MAJIKA
血も止まり、トイレの洗面台で手を洗っていると、扉の向こうで女性の悲鳴が鳴り響く。
「きゃー!!!」
ドン!ガシャン!!
急いで店内に戻ると
そこには
床に倒れた女性。
鼻血を流し、意識を無くした女性は、吐物を撒き散らしながら、壊れたおもちゃのように全身を激しく痙攣させている。よく見ると、隣のテーブルにいた二人組の一人だった。
律子は彼女の元へ駆け寄り、店員に救急車を呼ぶよう促す。
その場に立ちすくむ、友人らしき女性に原因を尋ねるが、「わからない」としか返事は返ってこない。

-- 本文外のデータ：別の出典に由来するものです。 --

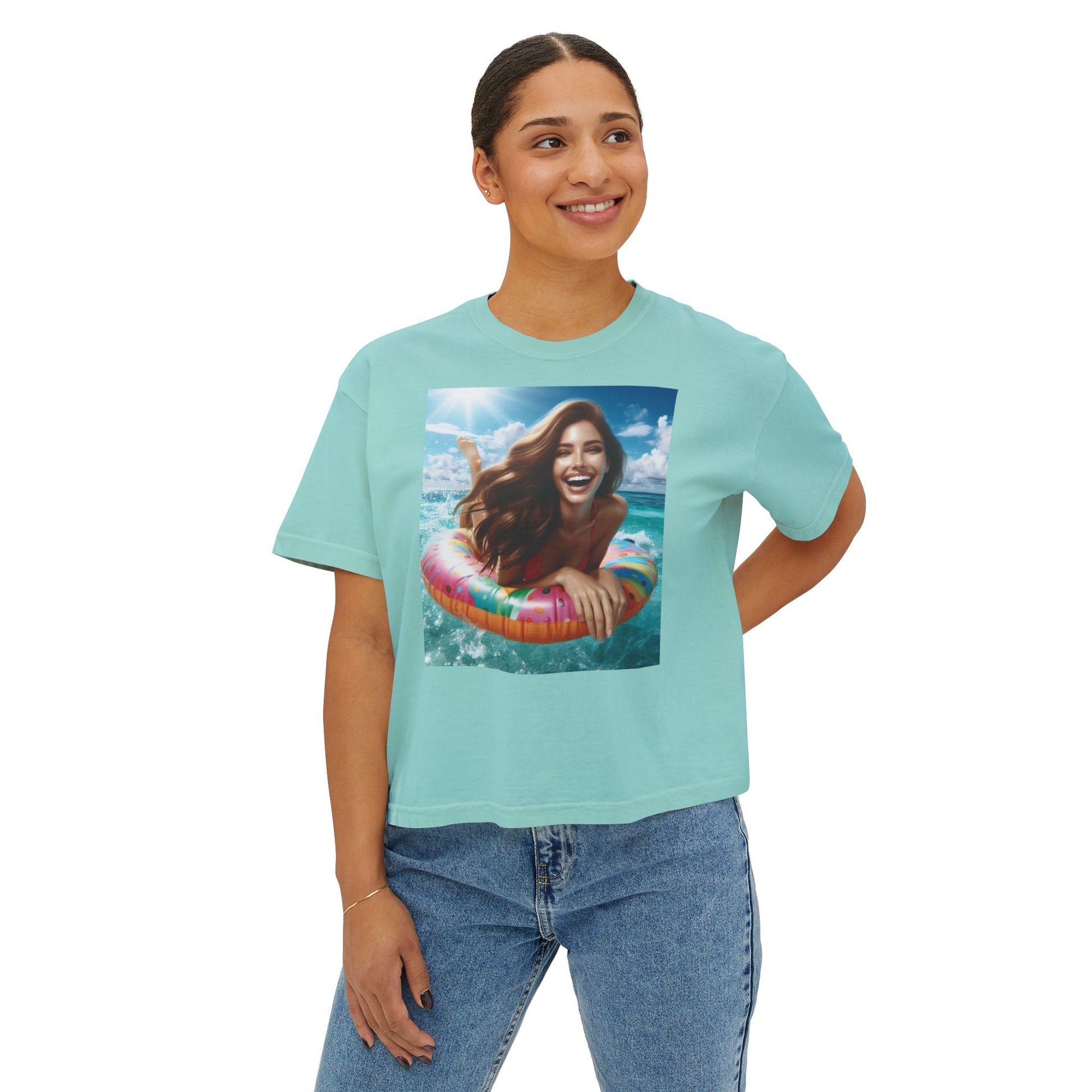 Women's Joy of summer-Boxy Tee - Fun Summer Vibes, Ideal for Beach Days, Casual Outings, Gifts for Her, Cute Graphic Tee, Lightweight Summer Top
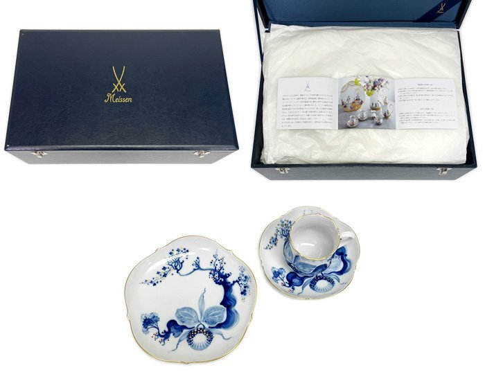 未使用 Meissen マイセン ブルーオーキッド カップ ソーサー プレート 1客セット 2001年 限定 モーニングセット 金彩 金縁 西洋磁器 箱付
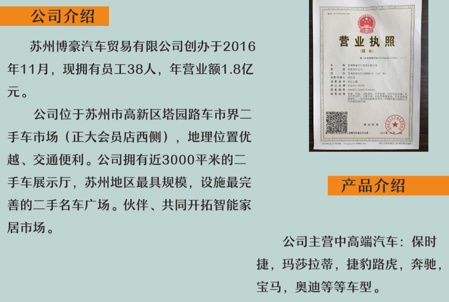 创办:苏州博豪汽车贸易有限公司担任:总经理
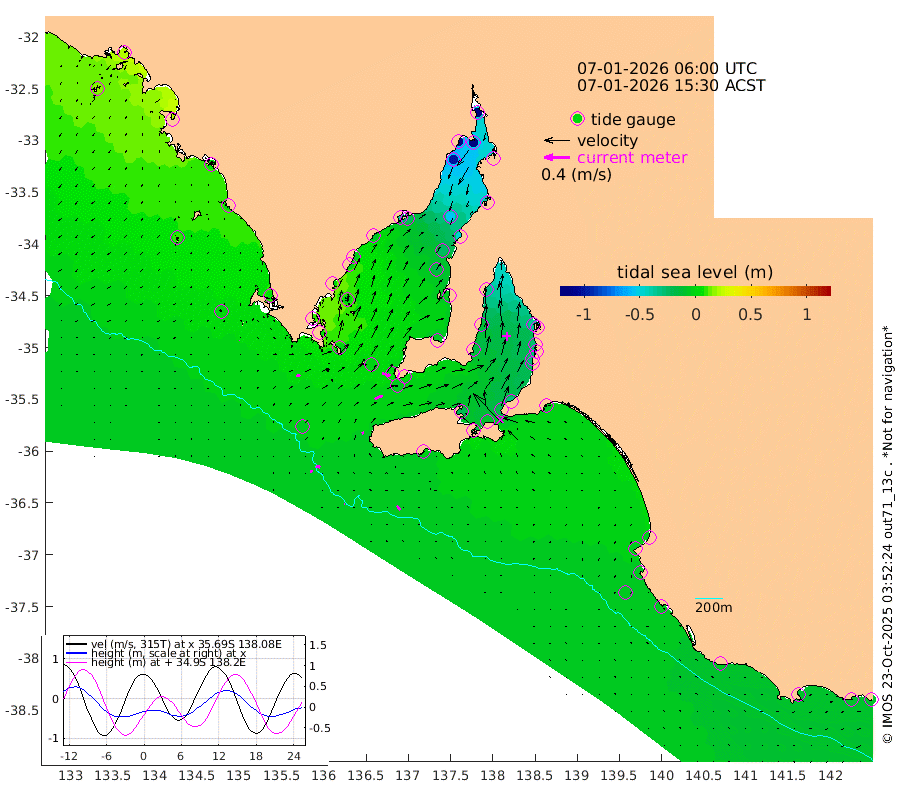 1cm/s 67T +10cm/s rms + 5cm/s 114T. SAM1DS 520m 6cm/s 72T +13cm/s rms + 5cm/s -36T. SAM2CP 100m 7cm/s 102T +21cm/s rms + 18cm/s 142T. SAM3MS 168m 8cm/s 143T +22cm/s rms + 0cm/s -30T. SAM4CY 117m 0cm/s -71T +23cm/s rms + 2cm/s 99T. SAM5CB 94m 13cm/s 66T +8cm/s rms + 3cm/s -172T. SAM6IS 83m 3cm/s 96T +11cm/s rms + 7cm/s 150T. SAM7DS 519m 13cm/s 106T +10cm/s rms + 2cm/s 87T. SAM8SG 47m 4cm/s 55T +20cm/s rms + 12cm/s -168T. NRSKAI 101m -11cm Warrnambool -9cm Port Fairy -8cm Portland -5cm Port Macdonnell -7cm Beachport -7cm Cape Rabelais (off) -4cm Robe -5cm Cape Jaffa -4cm Kingston -6cm Victor Harbor -3cm Vivonne Bay -19cm Kingscote -22cm American River -10cm Penneshaw -20cm Cape Jervis -31cm Second Valley -28cm Port Noarlunga -29cm Port Stanvac -32cm Brighton -29cm Glenelg -34cm Port Adelaide (Outer Harbor) -58cm Angus Inlet (Garden Island) -33cm Ardrossan -15cm Port Vincent -17cm Port Giles 4cm Stenhouse Bay -5cm Althorpe Island 0cm Pondalowie Bay -7cm Point Turton -6cm Port Victoria -16cm Cape Elizabeth -24cm Tiparra Reef Light -47cm Wallaroo -55cm Middle Bank -36cm Port Broughton -118cm Port Pirie -141cm Red Cliff Point (Beacon 5) -114cm Port Bonython -112cm Whyalla -99cm Western Shoal Beacon -38cm Franklin Harbor -24cm Franklin Harbor Entrance Beacon -10cm Arno Bay -4cm Port Neill -2cm Cape Hardy 1cm Tumby Bay 2cm Reevesby Island 8cm Port Lincoln 5cm Taylors Landing -2cm Whalers Bay -1cm Wedge Island Mooring -5cm Shelf Edge Mooring 4cm Coffin Bay Entrance Beacon 2cm Greenly Island 6cm Elliston 8cm Pearson Island 7cm Venus Bay 22cm Blanche Port (Streaky Bay) 21cm Thevenard 17cm St Francis Island

身体を横にし、ズボンのベルトを緩めていると、ちょうどそこにカホが戻ってきた。
「どした!?」
「原因は分からないけど、突然の発作か、全身の痙攣、意識も失ってる!周りの椅子とテーブルどかして」
「うん、救急車は!?」
「呼んだ!」
5分ほどで痙攣は治まり、呼吸と心音を確認するが、心拍はすでに停止している。
急いで着ているシャツのボタンを全て外し、無駄のない、息の合った動作で、カホと律子の2人が救命処置を行っていると、そこへ救急隊が到着した。
「ご協力、大変感謝いたします。ここからは我々が引き受けますので」
律子は冷静に、そして端的にこれまでの様子と、自分たちが看護師であることを救急隊に伝えると、女性とその友人を乗せた救急車は走り出した。

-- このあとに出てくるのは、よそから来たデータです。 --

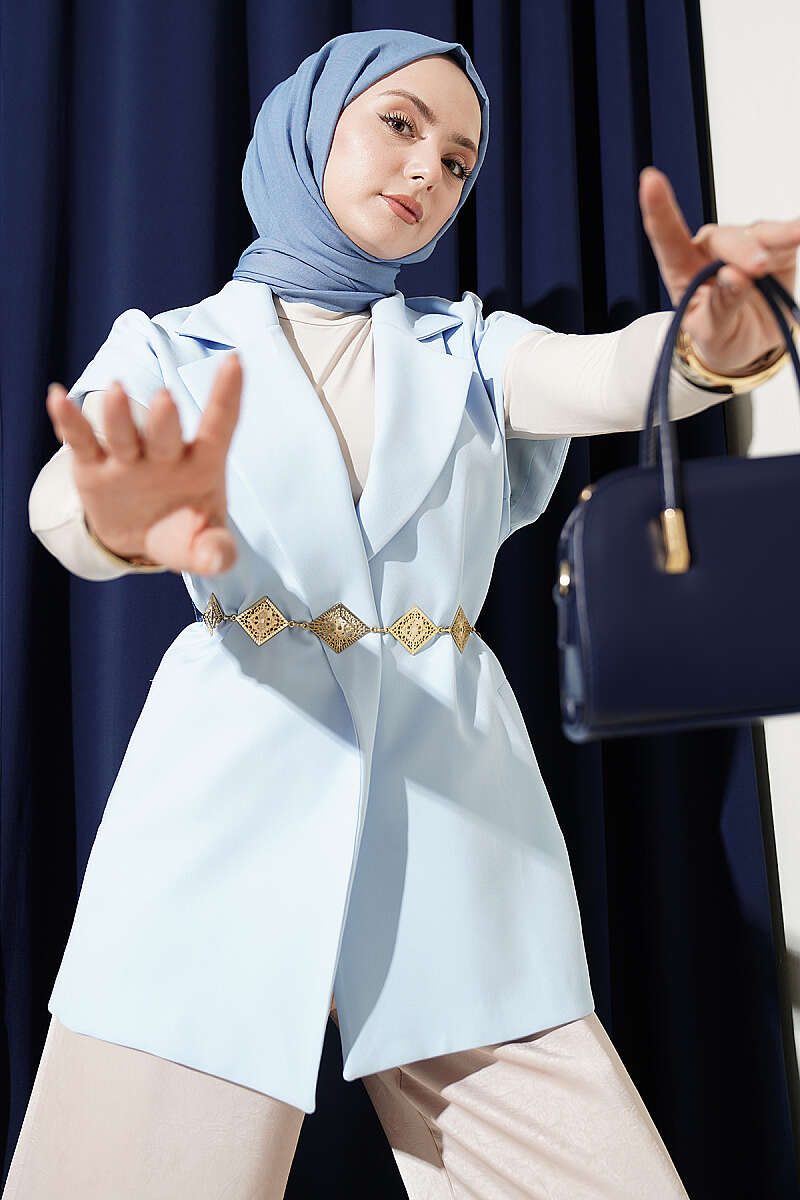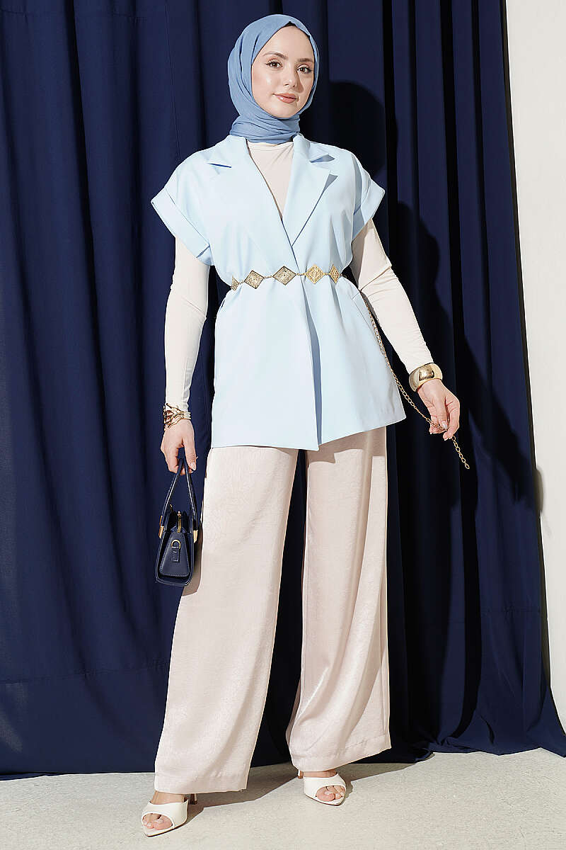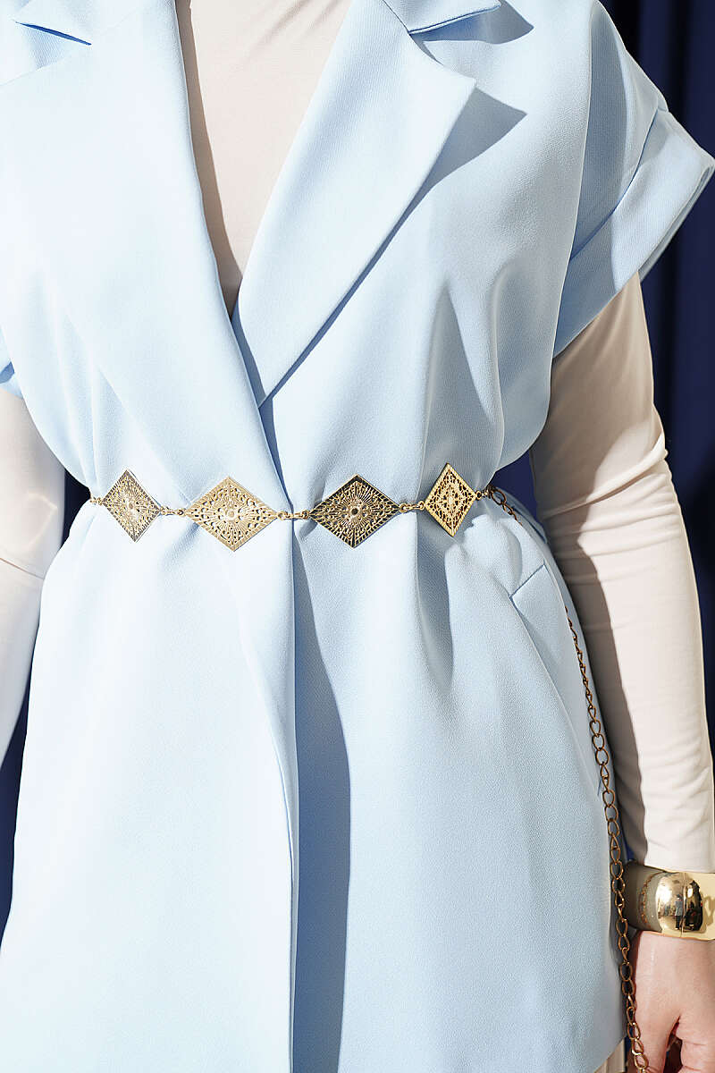 Kruvaze Yaka Kemer Detaylı Yelek Mavi

周りでは、沢山の野次馬が一部始終をスマホ片手に見学していた。
「チッ。マジかコイツら」
「カホっ!」
荒れた店内はしばらくの沈黙を続けたあと、店長らしき男性店員によってアナウンスが入る。
「えー、あの、皆さま、大変ご迷惑をお掛けいたしました。ただいま店内を片付けますので、そのままごゆっくりしていただければと思います。なお、ご注文いただきましたお品は順を追って…」
「出よっ」
カホに手を取られ、店を後にする。
「なんか変な夜だね」
「うん…」
「彼女、大丈夫かな…?」
「うん…」
「唇どうしたの?さっきので?」
「ううん…よく分かんない」
「唇切れてて分からないってどういうことよー。ハハ…」
「うーん。なんか調子悪いし、今日は帰るね」
「そだね。家まで送るよ」
「じゃあ甘えちゃいます」
カホの腕をとり、身体を寄せながら帰路につく。